The above generated a very small amount of WAL traffic,
408 bytes exactly. Let’s inspect what is in the WALs by means of pg_waldump:
% sudo -u postgres /usr/pgsql-13/bin/pg_waldump -p $PGDATA/pg_wal -s 16/C3E18BB0 -e 16/C3E18D48 -t 7
rmgr: Heap tx: 3562600, lsn: 16/C3E18BB0, prev 16/C3E18B50, desc: INSERT+INIT off 1 flags 0x00, blkref #0: rel 1663/89735/89935 blk 0
rmgr: Btree tx: 3562600, lsn: 16/C3E18C00, prev 16/C3E18BB0, desc: NEWROOT lev 0, blkref #0: rel 1663/89735/89937 blk 1, blkref #2: rel 1663/89735/89937 blk 0
rmgr: Btree tx: 3562600, lsn: 16/C3E18C68, prev 16/C3E18C00, desc: INSERT_LEAF off 1, blkref #0: rel 1663/89735/89937 blk 1
rmgr: Transaction tx: 3562600, lsn: 16/C3E18CA8, prev 16/C3E18C68, desc: ABORT 2021-07-13 04:59:03.235599 EDT
I’ve removed part of the information to better fit the screen size.
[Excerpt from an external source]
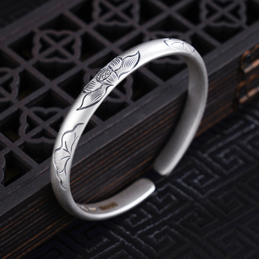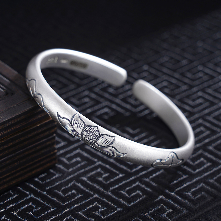 【寓意】:纯银开口手镯,镯面錾刻莲花莲叶图案。莲叶同辉,寓意和合美满,福寿绵长。

The first entry on the top is the execution of the
INSERT statement, followed by two entries that create the values in the index, and last there is the ABORT, that is the ROLLBACK statement.
As you can see, every record has the clear indication of what LSN it is by means of the
lsn field, as well as pointer to its previous record (i.e., the previous LSN offset). This way allows PostgreSQL to read the WAL stream from the end and go back in history to get the exact boundaries of a piece of work.